For my gifts I got the Bob Marley lava lamp from my hubby I mentioned before and chocolate from my mother. The kids never made me cards either even though they do for my mother and my hubby but they don't care enough about me to bother. They say my hubby threatens them to do his , that if they don't he won't drive them anywhere and I don't know if that's actually true or not; it sounds like something awful he'd do but they could also just be saying that as an excuse. With my family you never know as they're always playing Mind-Games and trying to f*ck with me.

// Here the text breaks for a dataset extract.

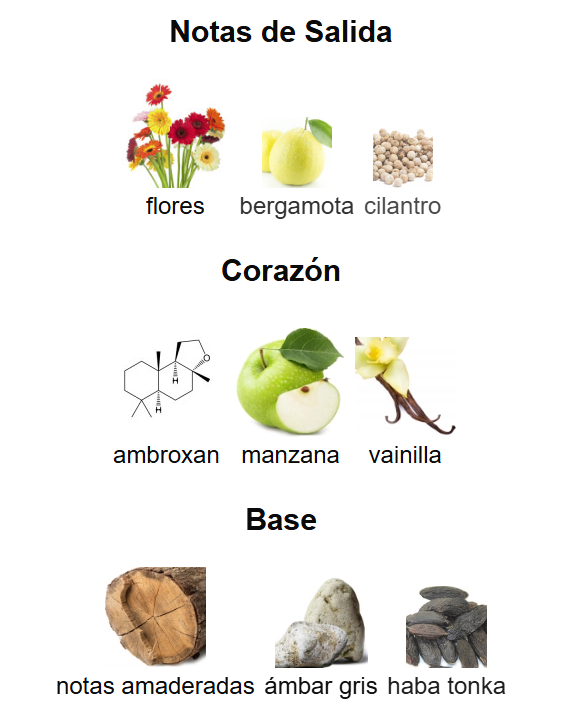 Notas de corazón: ambroxan, manzana y vainilla
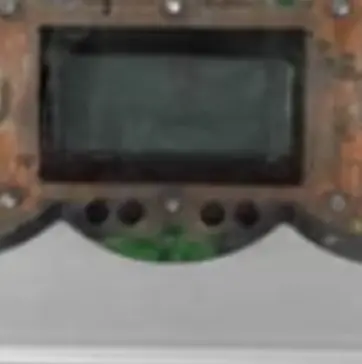 Trapezoid shaped topside with 6 buttons and a screen in the center.

I did get a nice gift from God this morning: snow! I didn't get it for Christmas but it came just over a week later for my birthday. When I was out early this morning before sunrise walking Buddy it was coming down nicely( and still is) and it was so still and quiet, peaceful and serene and I enjoyed the quiet and solitude, with the snow falling on my eyelashes and all I could think of was Stille Nacht. It was like walking in a silent winter wonderland or a snowglobe. It was just so beautiful and it did my spirit and my soul good. There wasn't a single soul or sound out there, just us.
So today I'll be celebrating by enjoying the snow, eating chocolate, snuggling with my fave. dog and smoking weed.